The work on the 600-year-old Great East Window of York Minster has been an enormous task for the cathedral’s team of experts.

All 311 stained glass panels were removed from the window in 2008 by York Glaziers Trust, and over the last ten years conservators have spent around 92,400 hours meticulously conserving each piece.

The work has been part of an £11.5m programme which has included extensive work by the Minster’s stonemasons to repair and replace hundreds of stones at the cathedral’s East End, which houses the window.

The Dean of York, the Very Reverend Vivienne Faull, said: “The Great East Window is one of the most magnificent pieces of medieval art ever created.

“It is an enormous privilege to experience this masterpiece in this glorious state: beautifully conserved and carefully restored for generations to come.

“We’re hugely grateful to York Glaziers Trust and all the people who have been involved in this epic undertaking for all their hard work and commitment. The end result is breath-taking.”

As well as restoring the 15th-century glass, the work on the Great East Window has involved using pioneering technology alongside traditional craft-skills.

In 2014 the cathedral become the first building in the UK to install state-of-the-art, UV resistant external glazing to protect the priceless stained glass - and it remains the largest world-wide use to date of the revolutionary protective material.

The director of the York Glaziers Trust, Sarah Brown, said: “It’s undoubtedly been a career highlight working on such wonderful glass.

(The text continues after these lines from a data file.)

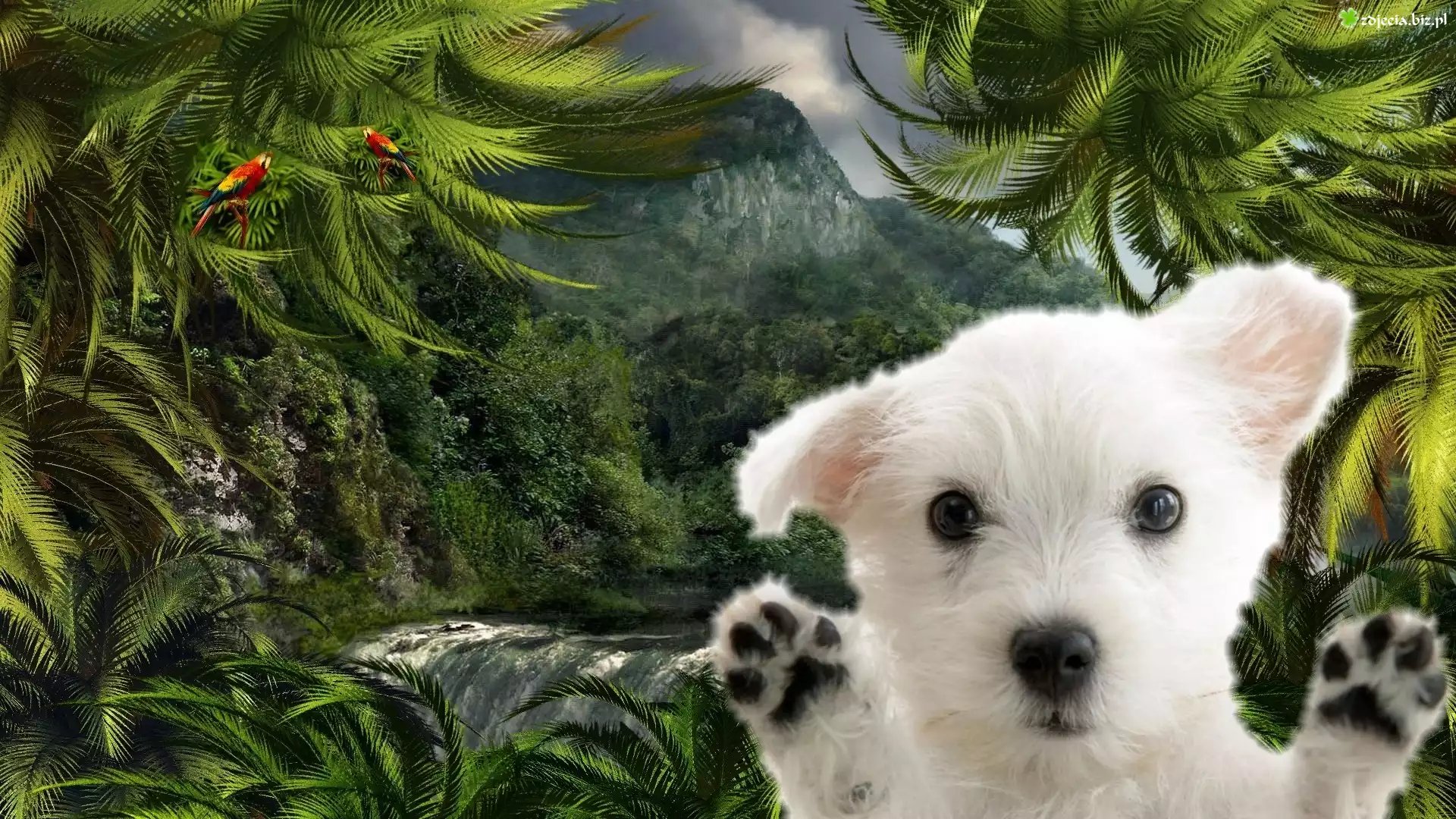 Zdjęcie, Mały, Biały, Piesek, Wodospad, Palmy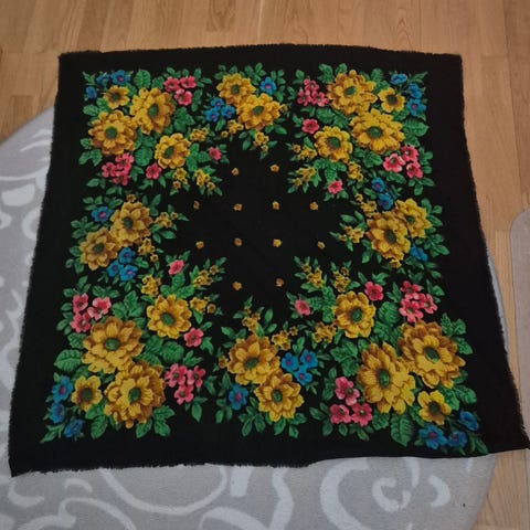 Vintage kukkahuivi ilmeisesti villaa. Iso koko noin 140×140 cm. Muutamassa kohtaa pieniä reikiä..ei haittaa käyttöä. Katso kuvat. Voin postittaa.
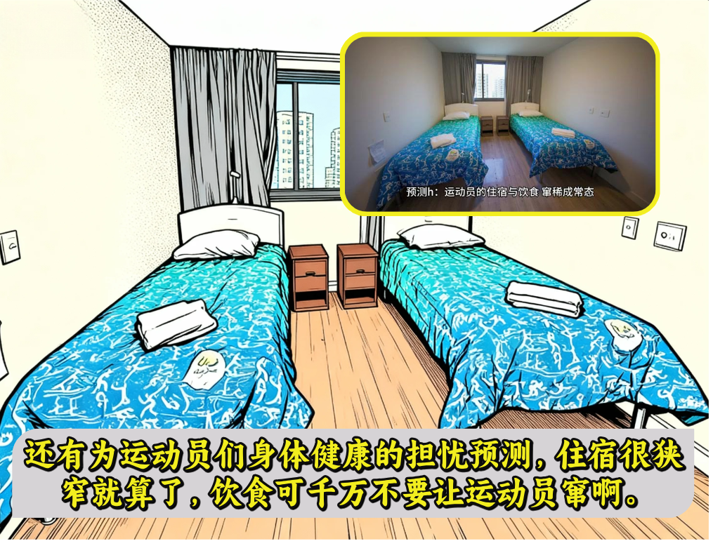 酒店房间极为狭小,两张单人床靠得极近,稍微一翻身就会碰到对方;浴室墙面霉斑明显,床单上也有清晰可见的污渍,不少队员最终选择睡在自己携带的睡袋里。

“There’s no debate – the Great East Window is up there as an international work of art and we all feel immensely privileged to have been part of it.

“I think part of what the project has achieved is a massive increase in public awareness of the stained glass at York Minster and the treasure we hold.”

She added: “It’s a very, very special collection of glass and we’re hugely privileged to have it.”

With the completion of the Great East Window, work is now beginning on another mammoth project for the Minster - a 20-year, £11m scheme to provide state-of-the-art protective glazing to all 128 of the cathedral’s stained glass windows - 60 per cent of which currently have no protection from the elements.

The cathedral will work on the project in partnership with York Glaziers Trust and the York Minster Fund to provide the environmental protection, supported by a match-funding grant of up to £1m from the Heritage Lottery Fund.